→ **YOUR TASK**
This task calls for the lines below starting at the one containing "- In 1862 the" and ending at the one containing "- 110*45*55cm Autositz", repeated exactly with both ends kept and pictures left out.

Collected data:

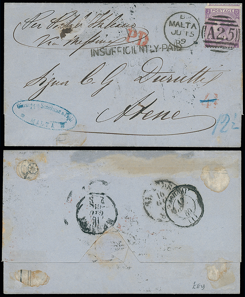 with “INSUFFICIENTLY-PAID” mark directly below, “43/4” accountancy mark in red deleted and with manuscript “121/2”(cents) (11/4d.) credit to Malta. Syracuse, Messina and Athens datestamps on the reverse, very unusual. Photo. (Image1)
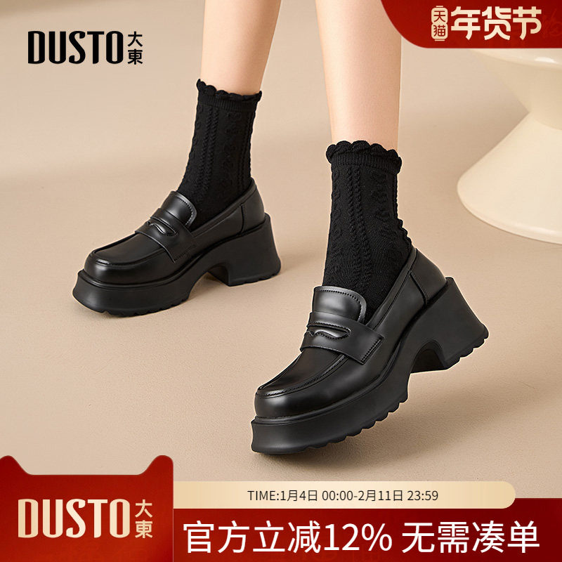 大东dd乐福鞋女2025年春秋女鞋英伦风黑色单鞋子女哑光复古小皮鞋
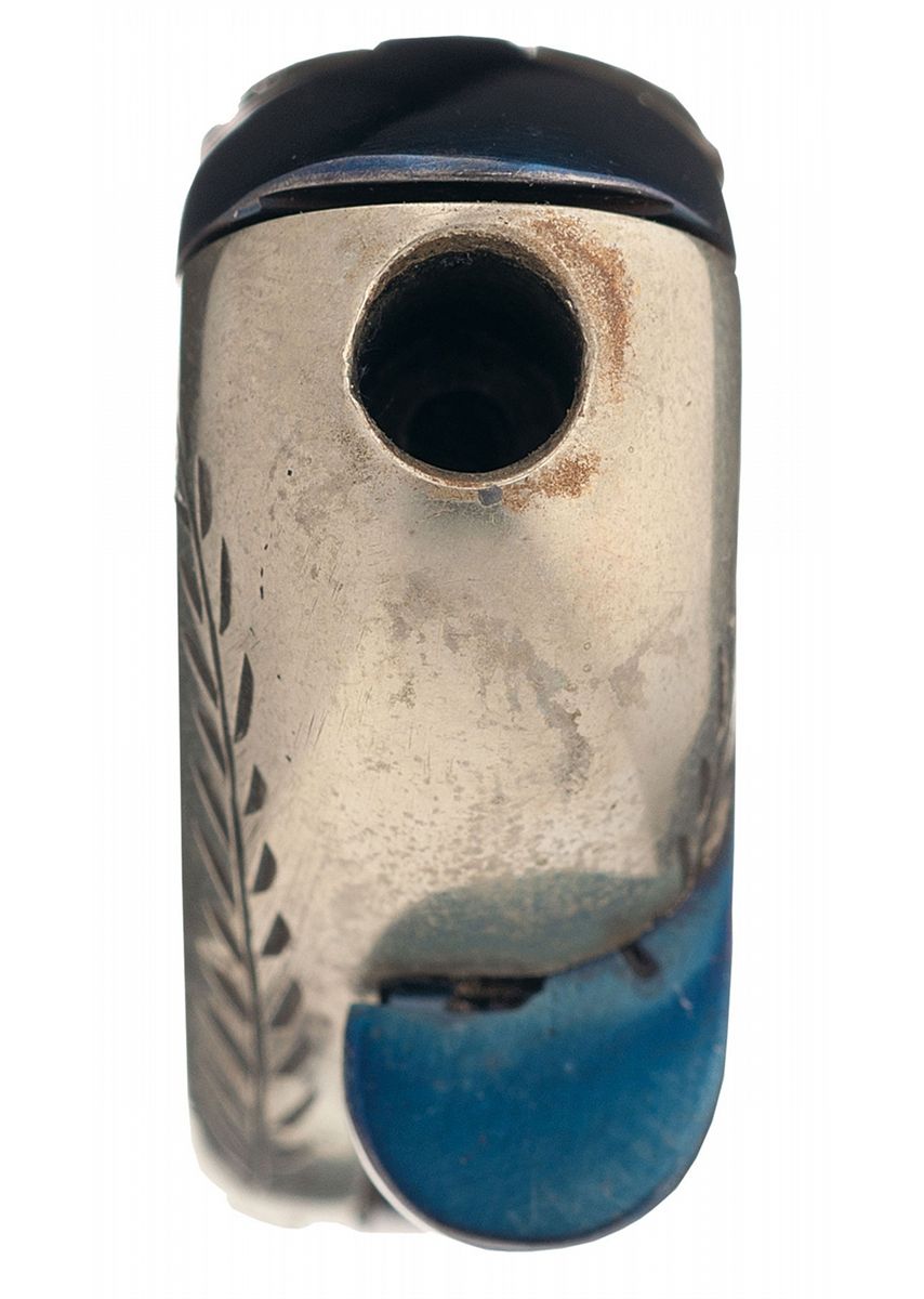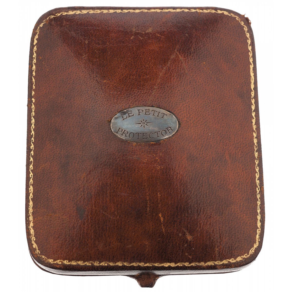 This is a unique example of a French single shot percussion ring gun. The band of the ring is marked "LE PETIT PROTECTOR" flanked by a light floral engraving. German silver with the small parts blue finished iron. The case has a Le Petit Protector silver oval maker plate on top of the lid. The interior of the case is lined in blue velvet and the inside of the lid is lined in silk with a Winsor Bishop label. The case also holds a brush and screwdriver.
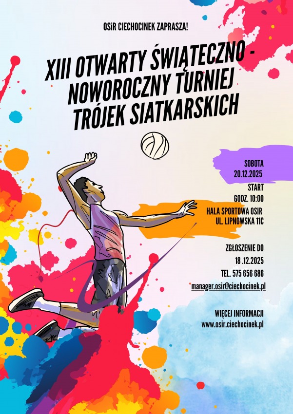 | Opis: | W sobotę, 20 grudnia w Hali Sportowej odbędzie się XIII Otwarty Świąteczny Turniej Trójek Siatkarskich. Początek gier od godziny 10.00 - weryfikacja od godziny 9.30. Uwaga! Ilość miejsc ograniczona! Serdecznie zapraszamy do udziału! Do pobrania: |
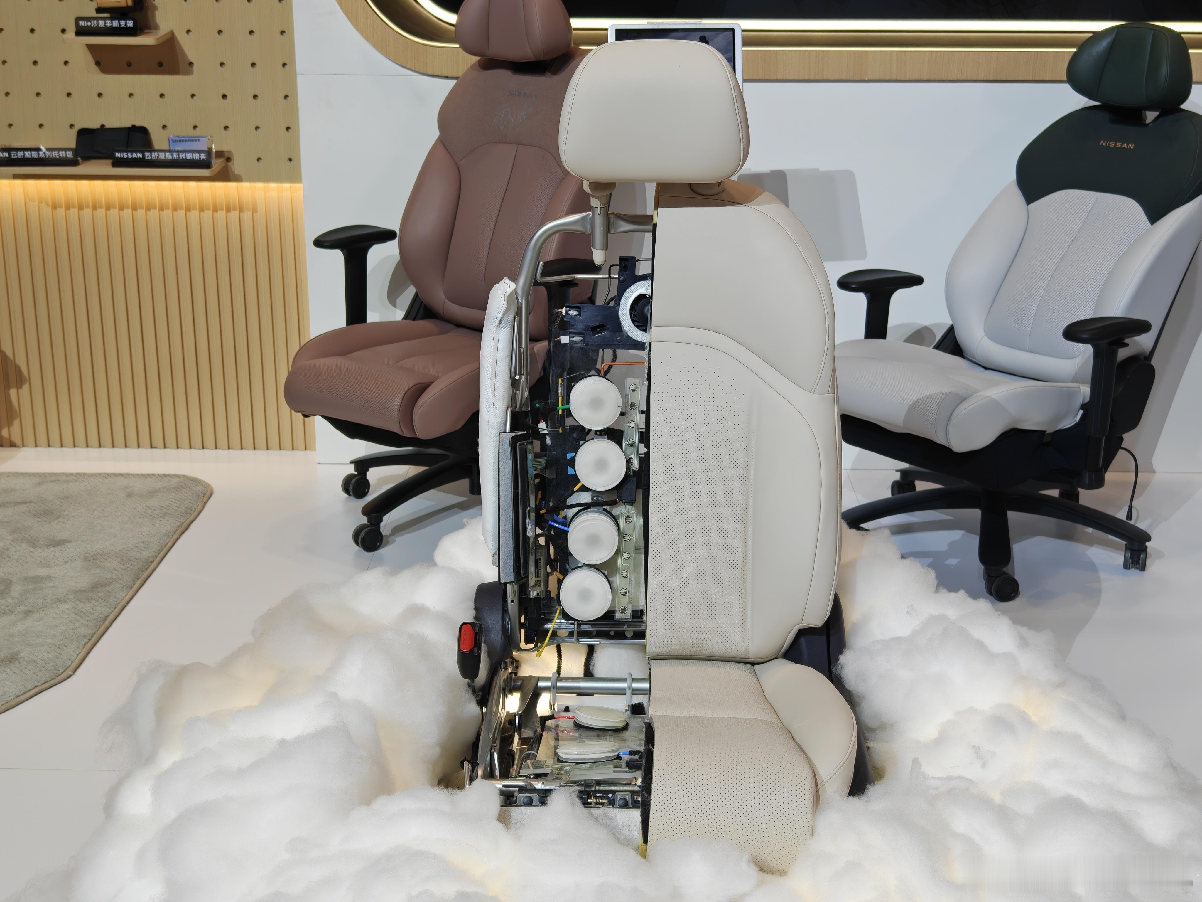 百万级后排大沙发 东风日产现在把大沙发IP做得很牢固。大沙发不仅是有文创,还有解剖座椅,还有各种改装的座椅展示。汽场全开大v聊车
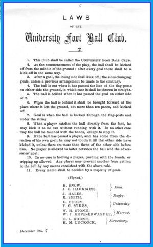 - In 1862 the English John Thring published his pamphlet "The Rules of Foot-ball: The Winter Game. Revised for the use of schools" including his own rules for "The Simplest Game". Note the word "winter.
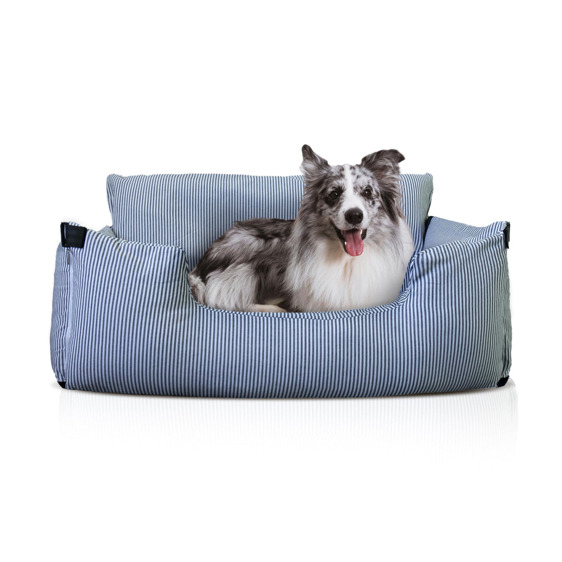 - 110*45*55cm Autositz für mittelgrosse Haustiere kann einfach installiert werden, zwei schwarze Nylon-Griffbänder der Rücksitz-Oberseite hängen. Zwei nicht verstellbare lange Griffgurte können fest ein Haustiernestbett für den Hund auf dem Rücksitz
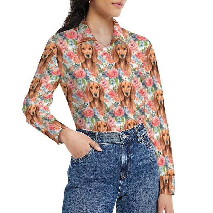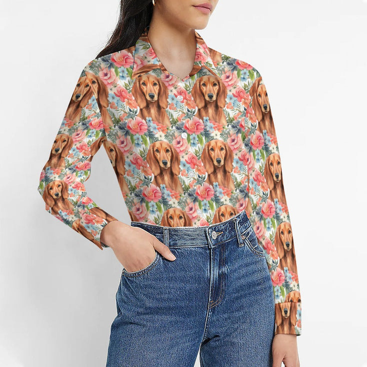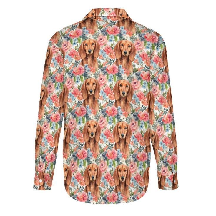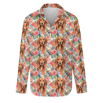 Step into a world of artistry and canine charm with our Floral Meadow Red Dachshunds Women's Shirt.
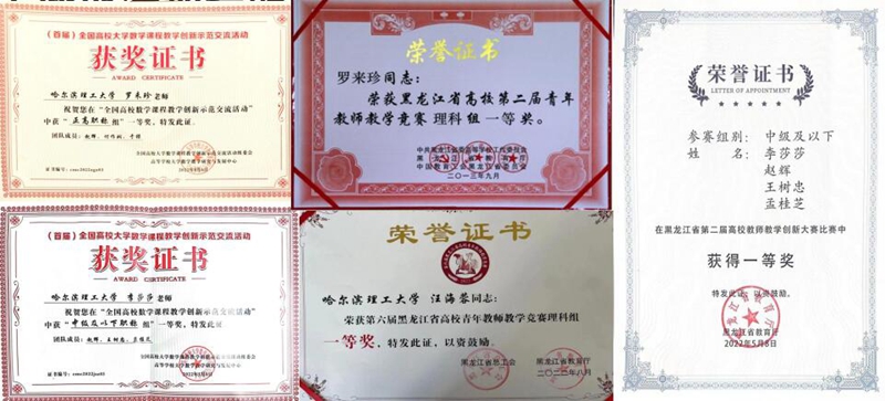 团队教师还在全国高校数学微课程教学设计竞赛中获全国一等奖1项,东北赛区一等奖2项、二等奖4项、三等奖3项。
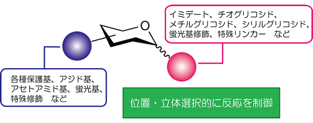 単糖の水酸基を適切に修飾するには、各単糖の立体、反応性を考慮してスキームを策定しなければならないため、熟練した技術と豊富な経験が必要になります。
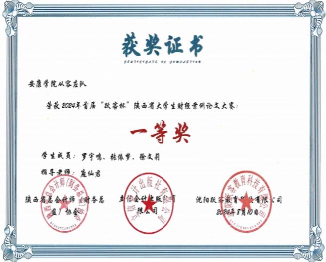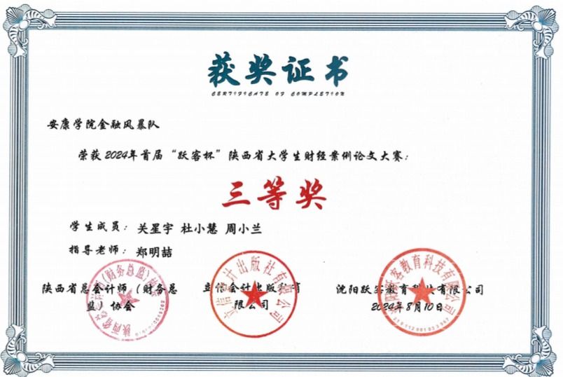 近日,yl23455经管学院师生在首届“跃客杯”陕西省大学生财经案例论文大赛中荣获佳绩。其中,yl23455永利集团官网从容应“队”(学生罗宇鸣、张依梦、徐文莉,指导教师庞仙君)荣获一等奖;yl23455永利集团官网“金融风暴”队(学生关星宇、杜小慧、周小兰,指导教师郑明喆)荣获三等奖。
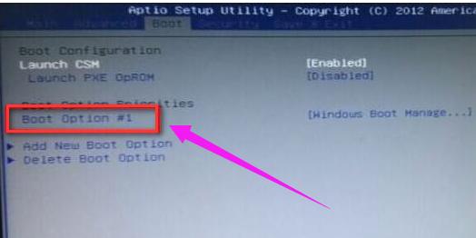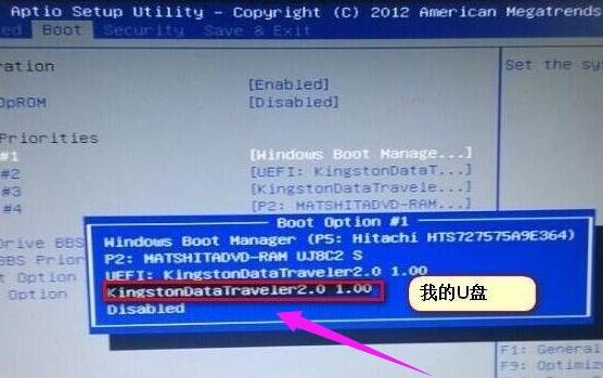 在“boot”中找到“boot option #1“按回车键,找到u盘。
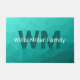 Monograma Personalize com seu nome e inicial personalizados. Legal porta simples moderna para a família ou qualquer um. Malha geométrica triangular com gradiente verde verde-azul-turquesa-claro.
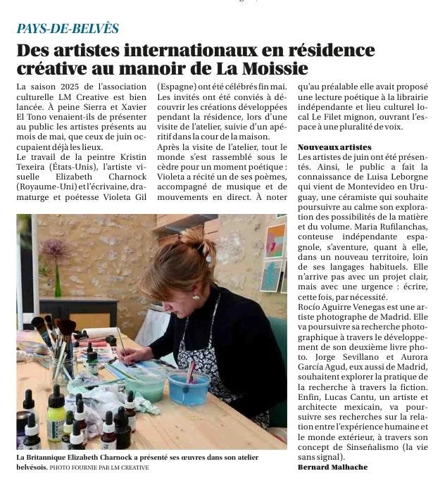 in Journal Sud-Ouest about the residency program and the artists’ working at Manoir de la Moissie
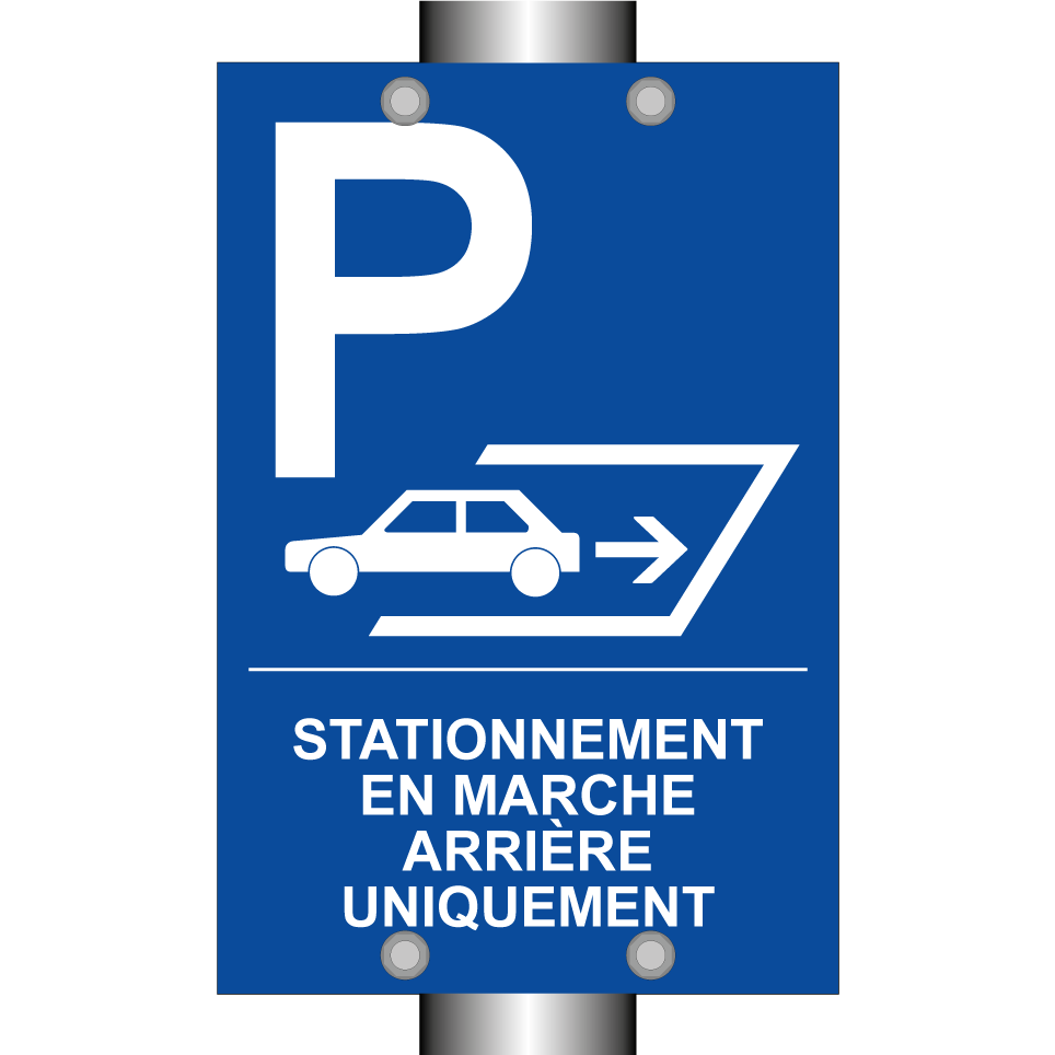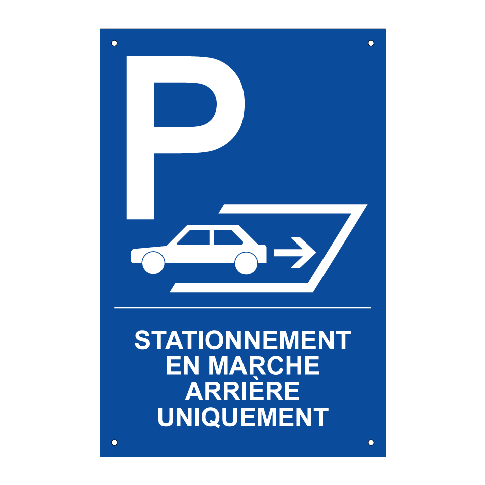 Ce panneau de stationnement est idéal pour les parkings où le stationnement en marche arrière est requis. Il est parfait pour les zones commerciales, les parkings d'entreprises ou les garages souterrains. Grâce à sa couleur bleue et son texte blanc, il est facilement visible et attire l'attention des conducteurs. Ce panneau peut être installé à l'entrée des parkings ou à des emplacements spécifiques pour guider les automobilistes et assurer une circulation fluide et sécurisée.

→ **RESULT OF THE EXERCISE**
 - In 1862 the English John Thring published his pamphlet "The Rules of Foot-ball: The Winter Game. Revised for the use of schools" including his own rules for "The Simplest Game". Note the word "winter.
 - 110*45*55cm Autositz für mittelgrosse Haustiere kann einfach installiert werden, zwei schwarze Nylon-Griffbänder der Rücksitz-Oberseite hängen. Zwei nicht verstellbare lange Griffgurte können fest ein Haustiernestbett für den Hund auf dem Rücksitz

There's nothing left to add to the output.